Warren Buffett, Chairman and CEO of Berkshire Hathaway, is apparently not buying the story that Powell is attempting to sell to the public. According to Berkshire Hathaway’s 13F filing with the Securities and Exchange Commission for the quarter ending June 30, 2020, Buffett dumped 35.5 million shares of JPMorgan Chase or 61.5 percent of his 57.7 million share holding in the bank.
Buffett also dumped the remainder of his position in Goldman Sachs, which amounted to 1.9 million shares. Buffett had already exited 84 percent of his shares of Goldman Sachs in the first quarter of the year.
Making Buffett’s massive dump of JPMorgan Chase even more embarrassing was the headline in Barron’s on January 3 of this year which blared: Why Warren Buffett Loves JPMorgan Chase Stock. Equally untimely, a well-known Wall Street bank analyst, Mike Mayo of Wells Fargo, reiterated his buy rating on JPMorgan Chase on March 31.
According to MarketBeat, 15 Wall Street analysts have buy ratings on the stock of JPMorgan Chase. Goldman Sachs issued a buy rating on JPMorgan Chase on July 24.
When a storied investor like Warren Buffett is dumping what the Street is pumping, it’s never a good sign.
According to earlier 13F filings, Buffett acquired 35.66 million shares of JPMorgan Chase in the third quarter of 2018. He then took that position to a total of 50 million shares in the fourth quarter of 2018 and added the balance of his position in the first quarter of 2019. As the chart above indicates, Buffett likely paid more for his shares than he realized from his sale proceeds in JPMorgan Chase in the second quarter.
One of the things that could be spooking Buffett when it comes to JPMorgan Chase is the unquantifiable risk in its derivatives book.
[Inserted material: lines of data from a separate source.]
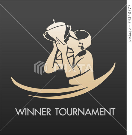 Man kissing trophy, tournament winner player logo illustration.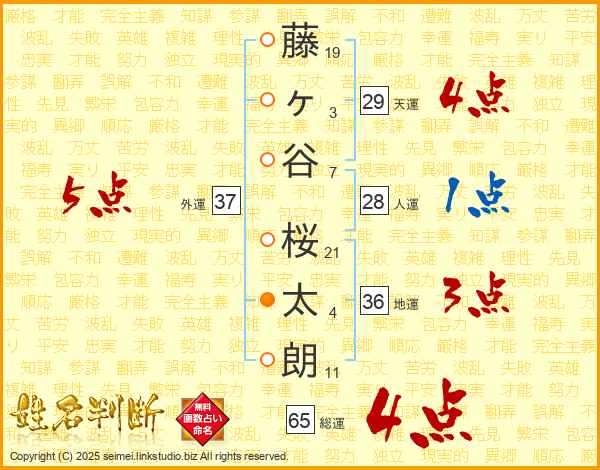 藤ヶ谷桜太朗さんの総運は65画の4点!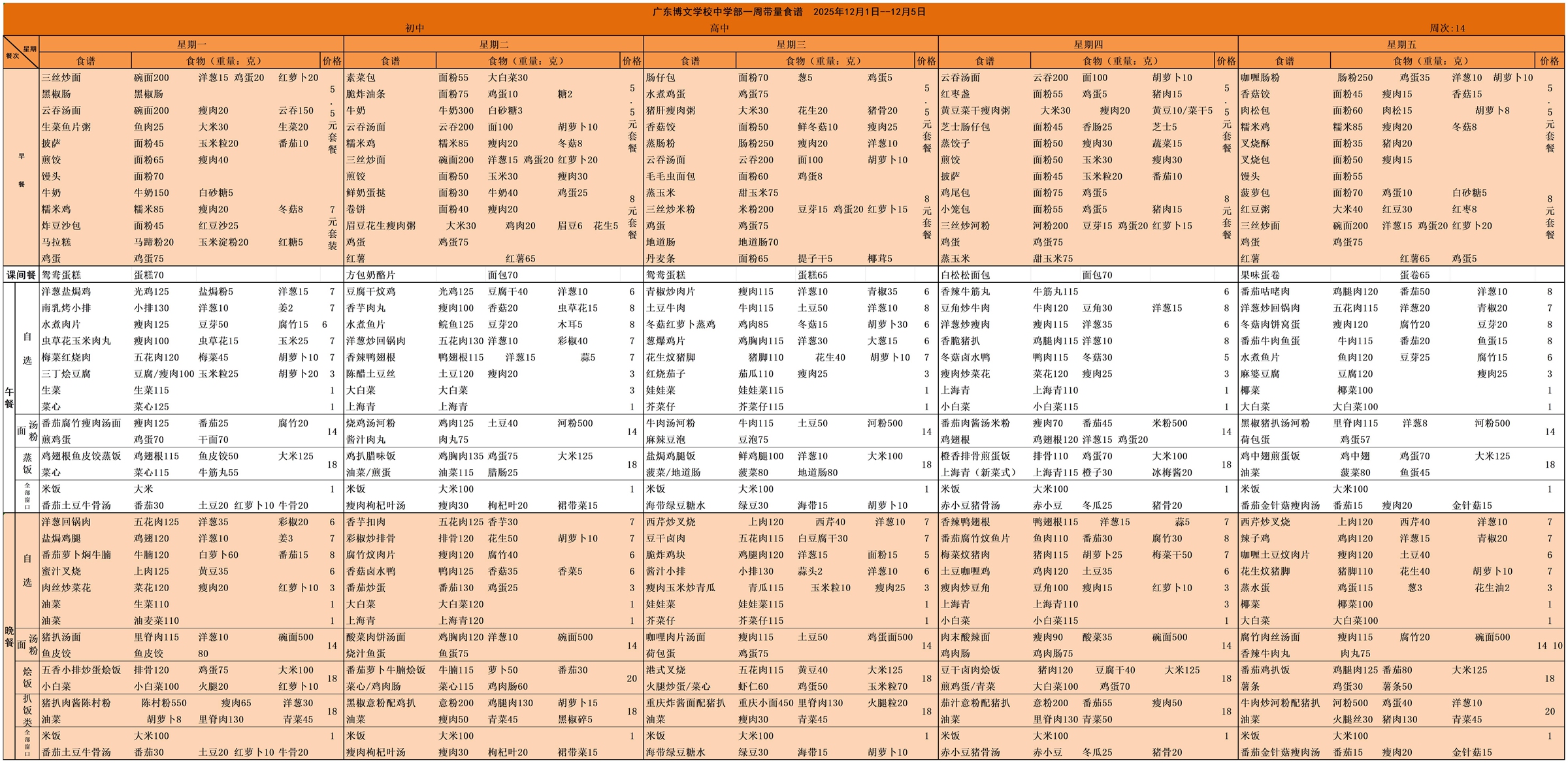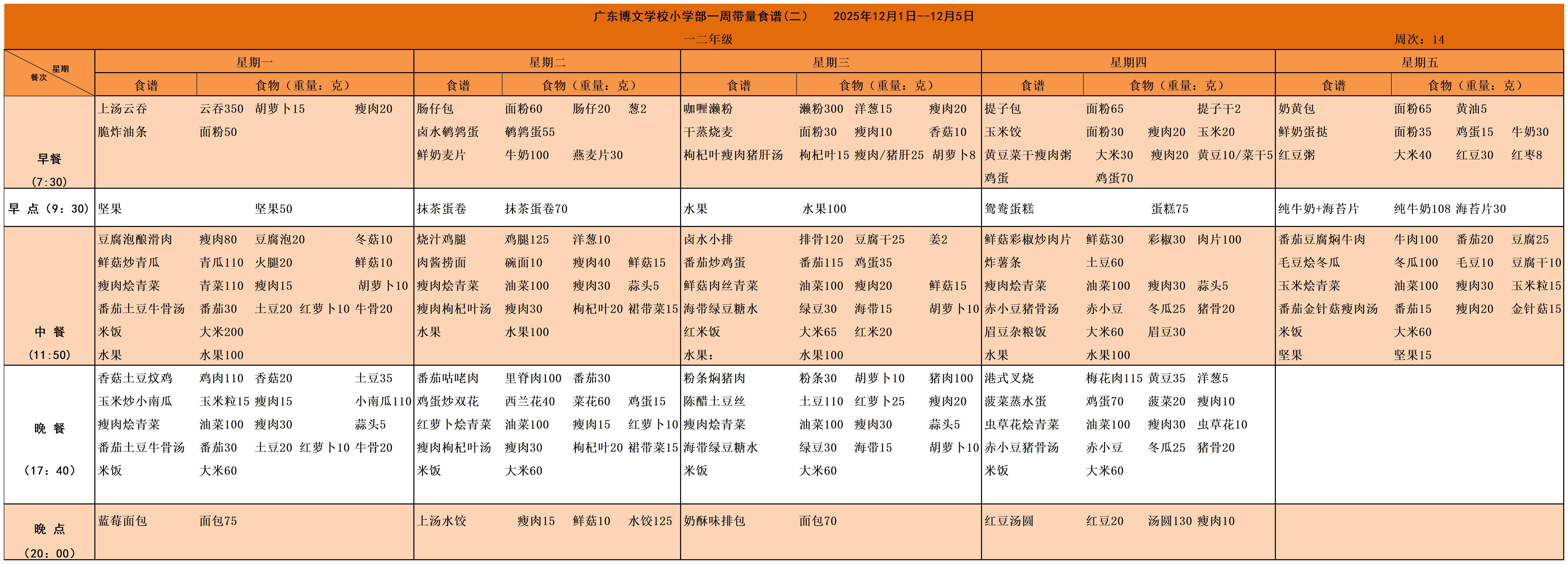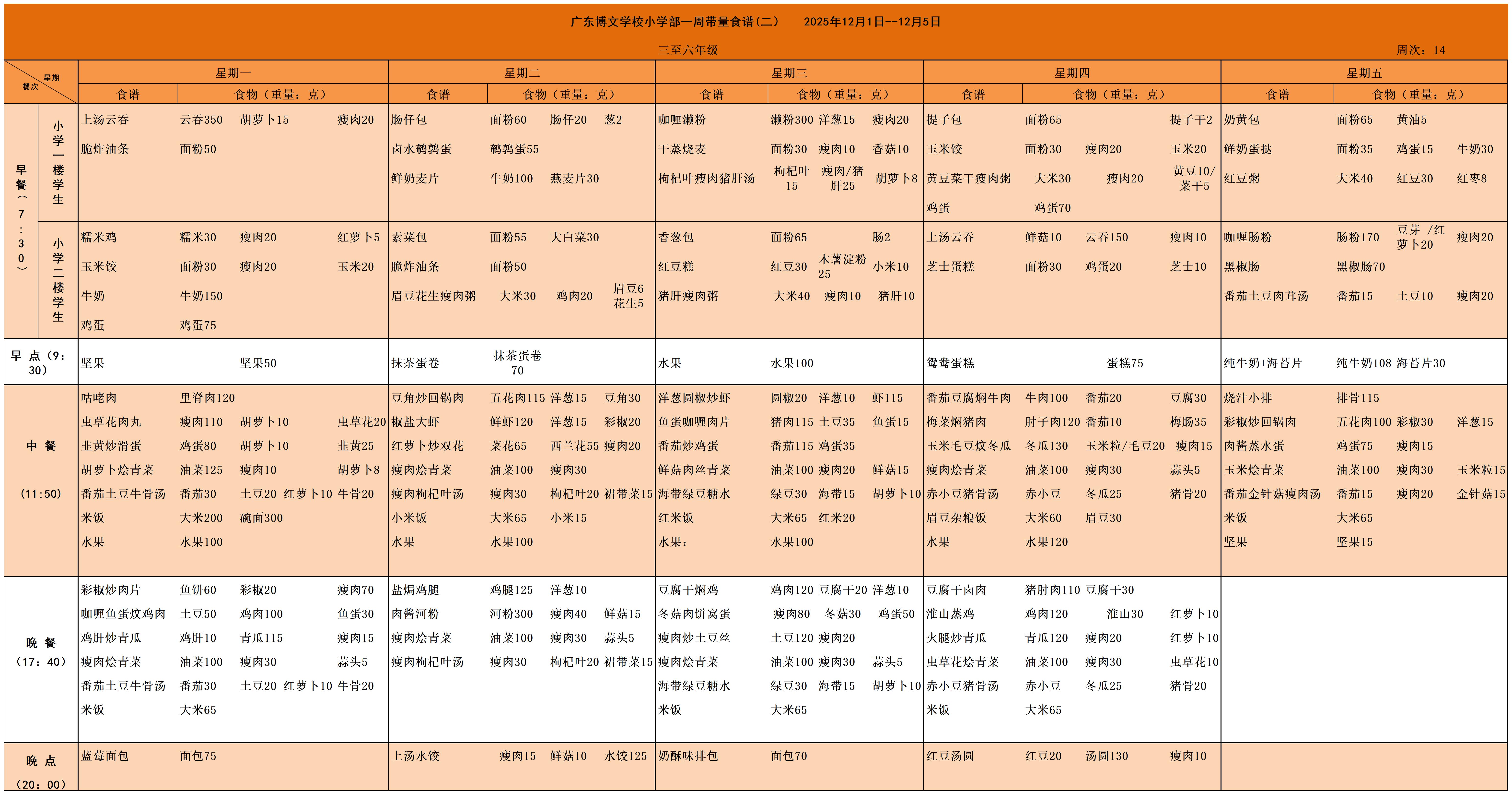 广东博文学校2025年秋季学期第十四周食谱公示

This is, after all, the bank that famously lost $6.2 billion of its bank depositors’ money in its London Whale derivatives scandal of 2012. Buffett has previously dubbed derivatives “financial weapons of mass destruction.”
According to the regulator of national banks, the Office of the Comptroller of the Currency, as of March 31, 2020, JPMorgan Chase had the largest exposure of any U.S. bank to derivatives. Its notional exposure (face amount) was $59 trillion. The bank with the second largest exposure was the Goldman Sachs bank holding company, at $47.7 trillion.